[Collection entries]
=== Begin Enclosure ===
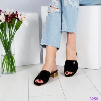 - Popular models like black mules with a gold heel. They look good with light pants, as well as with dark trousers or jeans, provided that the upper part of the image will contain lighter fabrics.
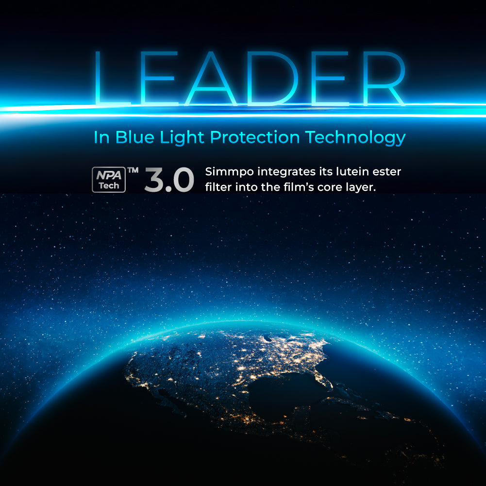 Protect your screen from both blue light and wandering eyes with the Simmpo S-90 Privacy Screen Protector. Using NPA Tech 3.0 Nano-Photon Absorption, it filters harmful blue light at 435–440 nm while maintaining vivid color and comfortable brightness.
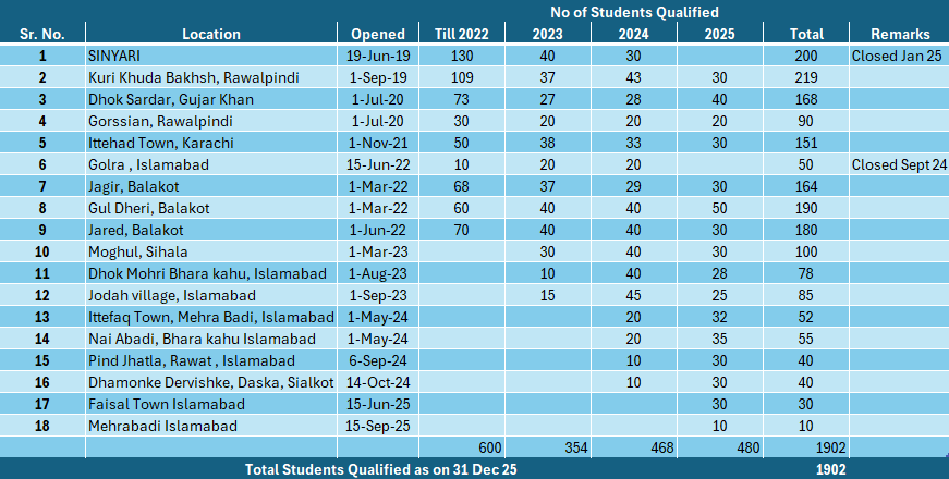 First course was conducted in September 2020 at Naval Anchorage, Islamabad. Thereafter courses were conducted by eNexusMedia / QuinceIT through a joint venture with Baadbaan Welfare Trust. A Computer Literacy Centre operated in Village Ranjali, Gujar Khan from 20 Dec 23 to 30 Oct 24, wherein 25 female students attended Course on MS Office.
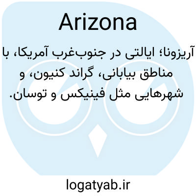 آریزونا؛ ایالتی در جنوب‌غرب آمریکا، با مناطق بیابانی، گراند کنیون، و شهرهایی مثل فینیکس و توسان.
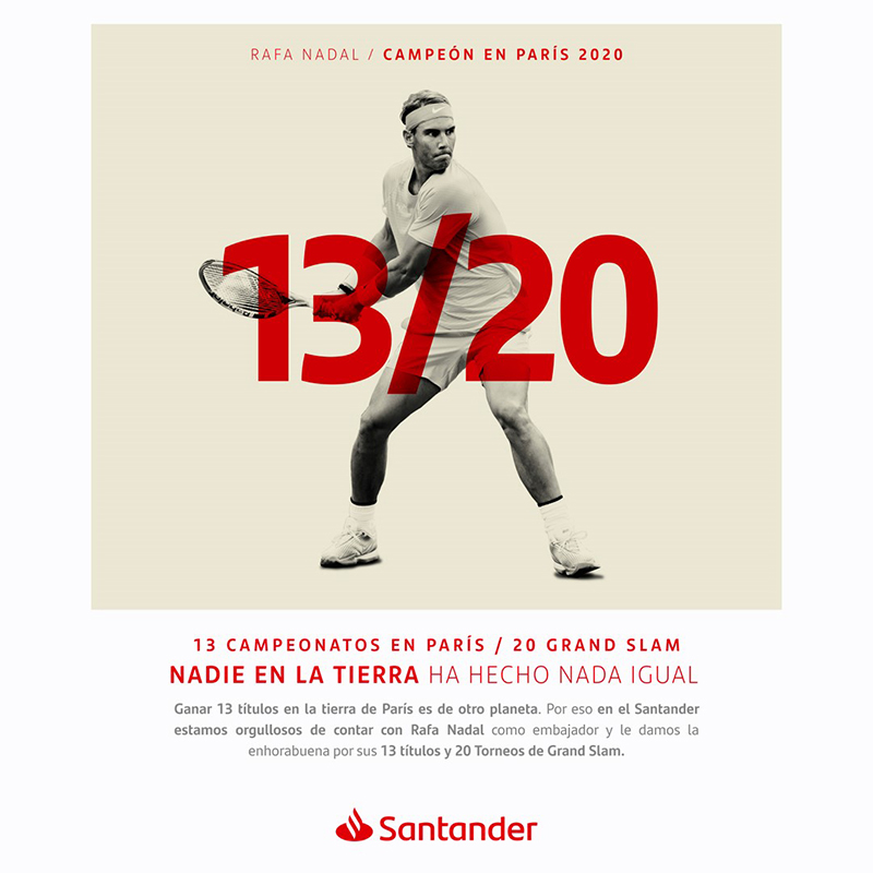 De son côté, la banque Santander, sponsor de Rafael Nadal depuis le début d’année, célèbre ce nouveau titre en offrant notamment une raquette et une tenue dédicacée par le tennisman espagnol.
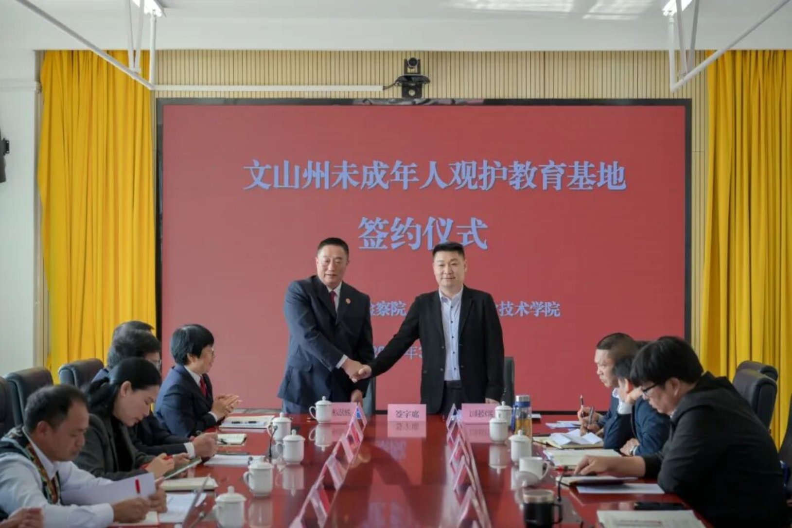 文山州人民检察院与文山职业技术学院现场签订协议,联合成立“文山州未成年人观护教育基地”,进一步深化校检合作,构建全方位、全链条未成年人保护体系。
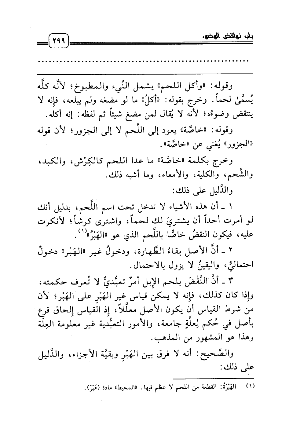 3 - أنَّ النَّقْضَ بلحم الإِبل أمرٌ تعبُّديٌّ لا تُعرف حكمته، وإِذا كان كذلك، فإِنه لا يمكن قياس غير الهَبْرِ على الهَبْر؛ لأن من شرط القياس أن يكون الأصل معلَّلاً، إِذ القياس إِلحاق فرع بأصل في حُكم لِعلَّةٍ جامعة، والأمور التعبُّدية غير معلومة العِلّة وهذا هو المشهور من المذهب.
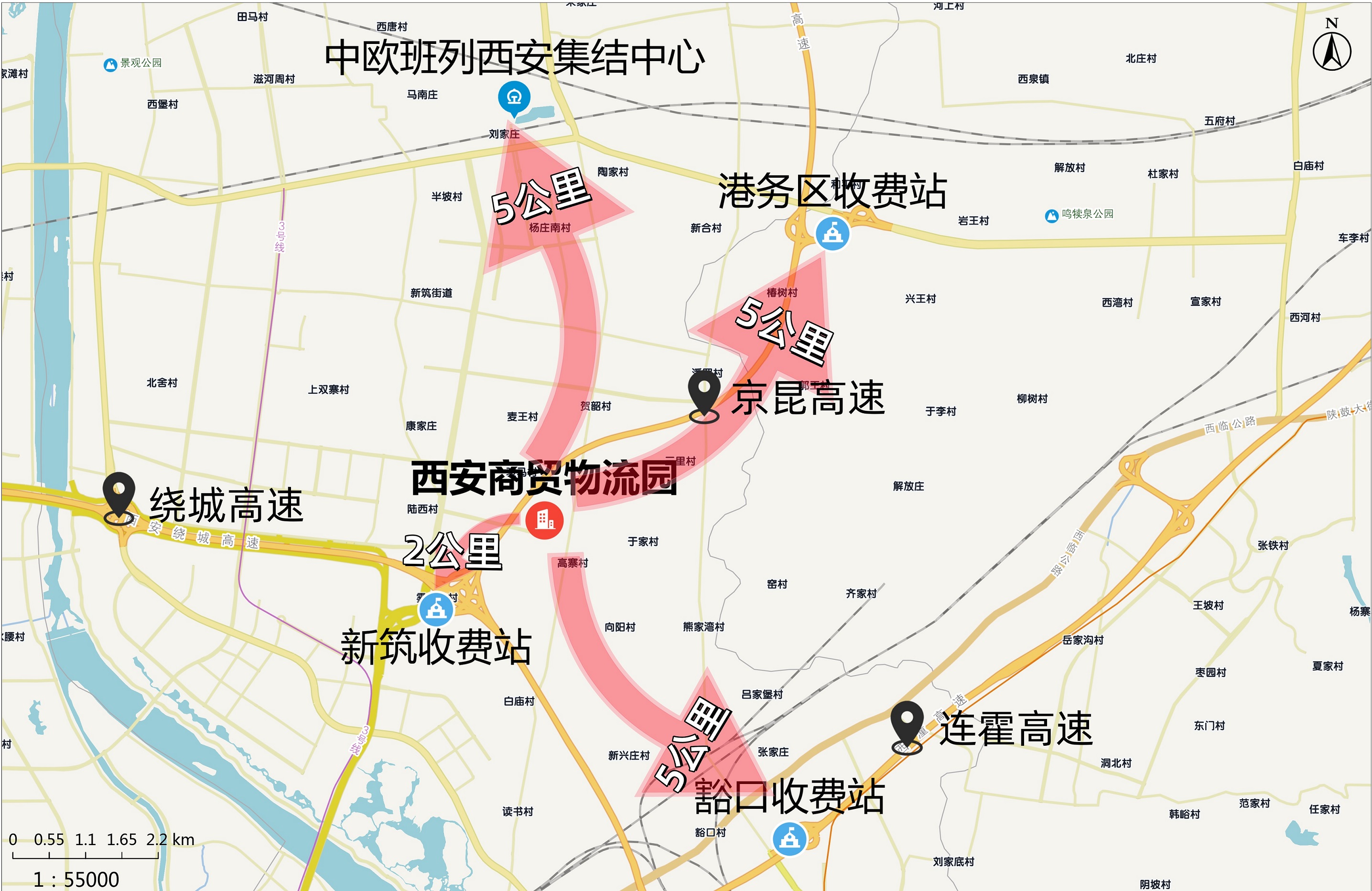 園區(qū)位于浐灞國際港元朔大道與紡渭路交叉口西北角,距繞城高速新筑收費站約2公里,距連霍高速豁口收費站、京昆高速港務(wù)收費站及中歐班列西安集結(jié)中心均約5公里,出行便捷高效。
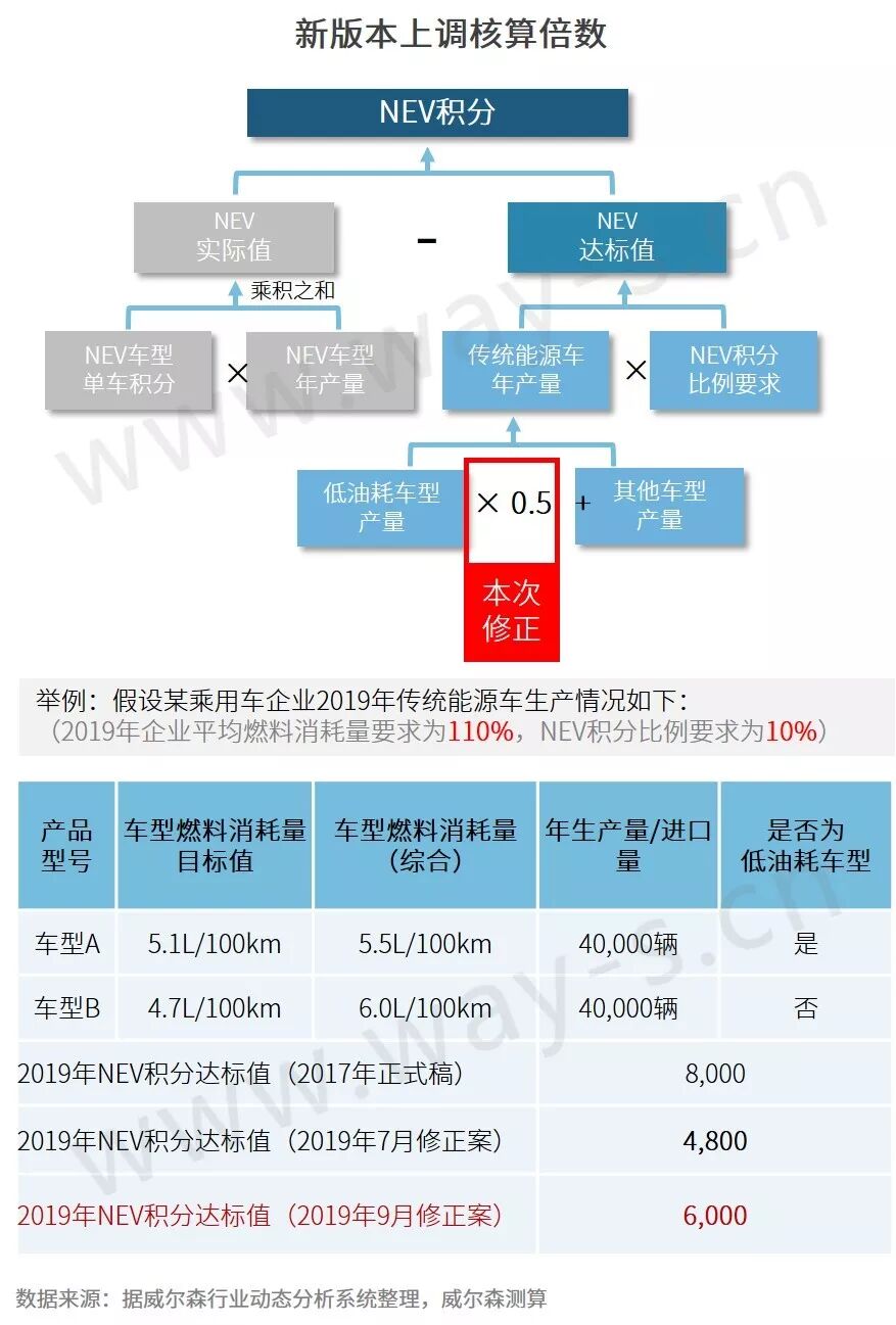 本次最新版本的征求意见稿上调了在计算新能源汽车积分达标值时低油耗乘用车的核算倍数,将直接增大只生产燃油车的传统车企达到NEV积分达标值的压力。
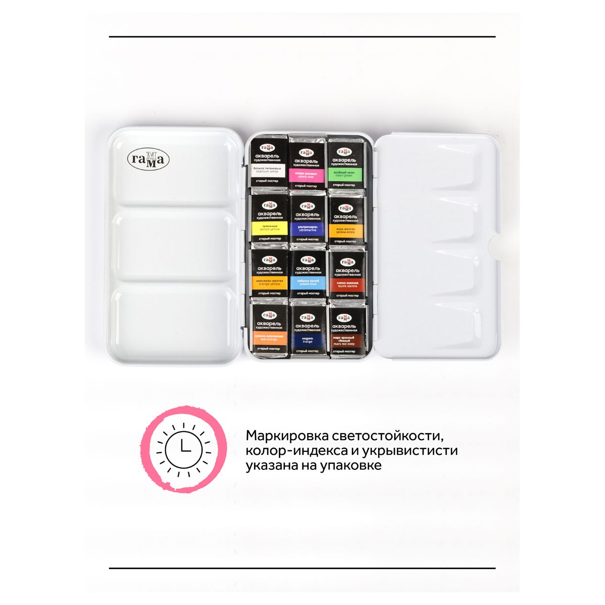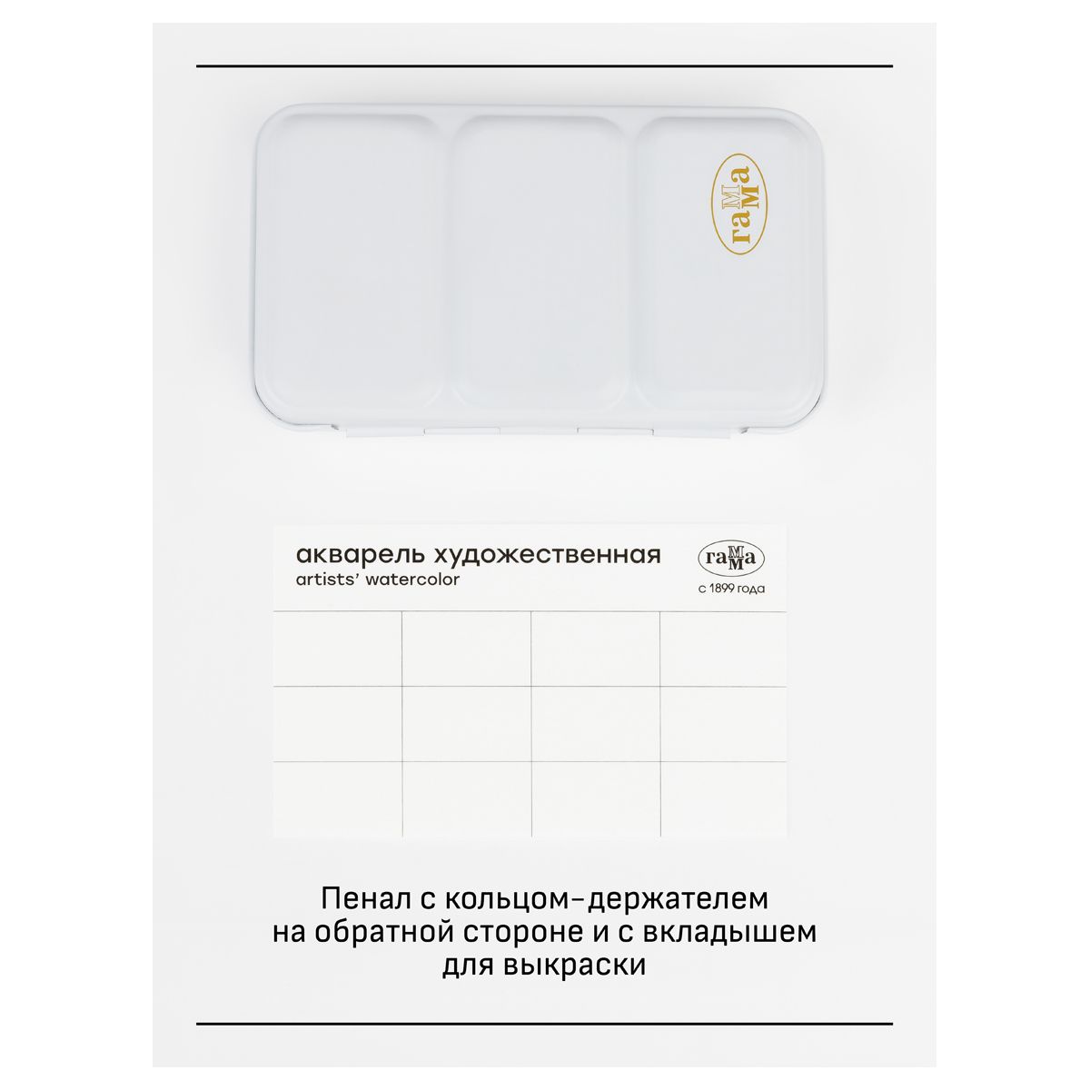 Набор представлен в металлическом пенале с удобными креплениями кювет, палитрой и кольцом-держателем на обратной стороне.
=== End Enclosure ===
### Your task
Rewrite the data above exactly as given, but omit the images.

### Reply to the task
 - Popular models like black mules with a gold heel. They look good with light pants, as well as with dark trousers or jeans, provided that the upper part of the image will contain lighter fabrics.
 Protect your screen from both blue light and wandering eyes with the Simmpo S-90 Privacy Screen Protector. Using NPA Tech 3.0 Nano-Photon Absorption, it filters harmful blue light at 435–440 nm while maintaining vivid color and comfortable brightness.
 First course was conducted in September 2020 at Naval Anchorage, Islamabad. Thereafter courses were conducted by eNexusMedia / QuinceIT through a joint venture with Baadbaan Welfare Trust. A Computer Literacy Centre operated in Village Ranjali, Gujar Khan from 20 Dec 23 to 30 Oct 24, wherein 25 female students attended Course on MS Office.
 آریزونا؛ ایالتی در جنوب‌غرب آمریکا، با مناطق بیابانی، گراند کنیون، و شهرهایی مثل فینیکس و توسان.
 De son côté, la banque Santander, sponsor de Rafael Nadal depuis le début d’année, célèbre ce nouveau titre en offrant notamment une raquette et une tenue dédicacée par le tennisman espagnol.
 文山州人民检察院与文山职业技术学院现场签订协议,联合成立“文山州未成年人观护教育基地”,进一步深化校检合作,构建全方位、全链条未成年人保护体系。
 3 - أنَّ النَّقْضَ بلحم الإِبل أمرٌ تعبُّديٌّ لا تُعرف حكمته، وإِذا كان كذلك، فإِنه لا يمكن قياس غير الهَبْرِ على الهَبْر؛ لأن من شرط القياس أن يكون الأصل معلَّلاً، إِذ القياس إِلحاق فرع بأصل في حُكم لِعلَّةٍ جامعة، والأمور التعبُّدية غير معلومة العِلّة وهذا هو المشهور من المذهب.
 園區(qū)位于浐灞國際港元朔大道與紡渭路交叉口西北角,距繞城高速新筑收費站約2公里,距連霍高速豁口收費站、京昆高速港務(wù)收費站及中歐班列西安集結(jié)中心均約5公里,出行便捷高效。
 本次最新版本的征求意见稿上调了在计算新能源汽车积分达标值时低油耗乘用车的核算倍数,将直接增大只生产燃油车的传统车企达到NEV积分达标值的压力。
 Набор представлен в металлическом пенале с удобными креплениями кювет, палитрой и кольцом-держателем на обратной стороне.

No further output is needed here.